Figura 10: Diagrama - Espaços de Ausência. Eventos nível macro: primeiros anos de formação de Belo Horizonte. Elaboração da autora

Belo Horizonte foi fundada em 12 de dezembro de 1897, sob influências do movimento Positivista. O projeto do engenheiro Aarão Reis para a nova capital de Minas Gerais buscou, a partir de princípios de ordem, progresso, ciência, higiene, estética e fluidez, a materialização da tão sonhada modernidade. Sob representações do imaginário das elites da época, a nova capital trazia em suas linhas a necessidade de marcar uma ruptura simbólica com os antigos moldes sociais, econômicos, estéticos, culturais e políticos, destacando, a partir da materialidade e do espaço, o advento da República.

Embora planejada sob mando do Estado, Belo Horizonte desenvolveu-se como uma cidade tipicamente capitalista e, enquanto tal, não teve seu centro pensado em prol da exaltação do Estado burguês ou da Igreja. Segundo Flávio Villaça, "o que deve ser entendido por 'plano', no caso de Belo Horizonte, é algo muito simples: um projeto viário e a designação do local de uns poucos edifícios públicos, alguns dos quais foram efetivamente construídos como parte desse plano"

(VILLAÇA, 2001, p.268). Desse modo, o projeto desenvolvido para a cidade assemelhava-se mais a um "plano abstrato de sistema viário" (VILLAÇA, 2001, p.268), que não previa nem mesmo a localização exata e estratégica do centro.

Dessa forma, o projeto proposto por Aarão Reis previa, basicamente, a criação de um bairro comercial na esplanada da Lagoinha, a localização da sede do poder na Praça da Liberdade e uma ocupação residencial para os funcionários públicos, vindos da antiga capital, no Bairro Funcionários.
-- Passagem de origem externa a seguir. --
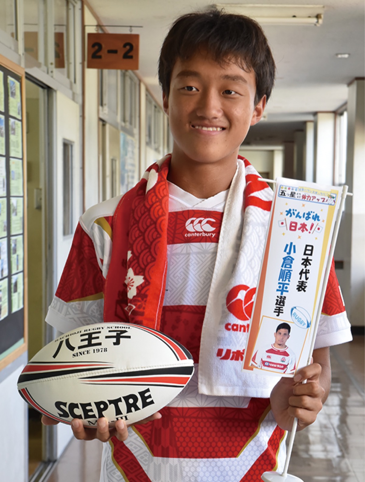 ラグビーワールドカップ(W杯)フランス大会に出場する日本代表を応援しよう--。9月8日開幕のW杯に合わせ、八王子市は市立小中学校と義務教育学校107校で、体力向上を掲げた献立の給食を提供。代表メンバーで八王子市館町出身の小倉順平選手(31)からは児童、生徒へメッセージが寄せられた。

É clara, assim, a divisão da cidade em duas, sendo uma ligada ao poder constituído, na qual o uso residencial e institucional são vinculados à administração pública; e outra, com maior diversidade social, ligada ao comércio, serviços, lazer e moradia (PONTES, 2006). A ligação entre tais elementos era prevista por uma larga avenida, a Afonso Pena, que buscou se impor enquanto "elemento estético e simbólico da constituição e expressão do poder da cidade-capital" (MONTE-MÓR, 1994, p.14).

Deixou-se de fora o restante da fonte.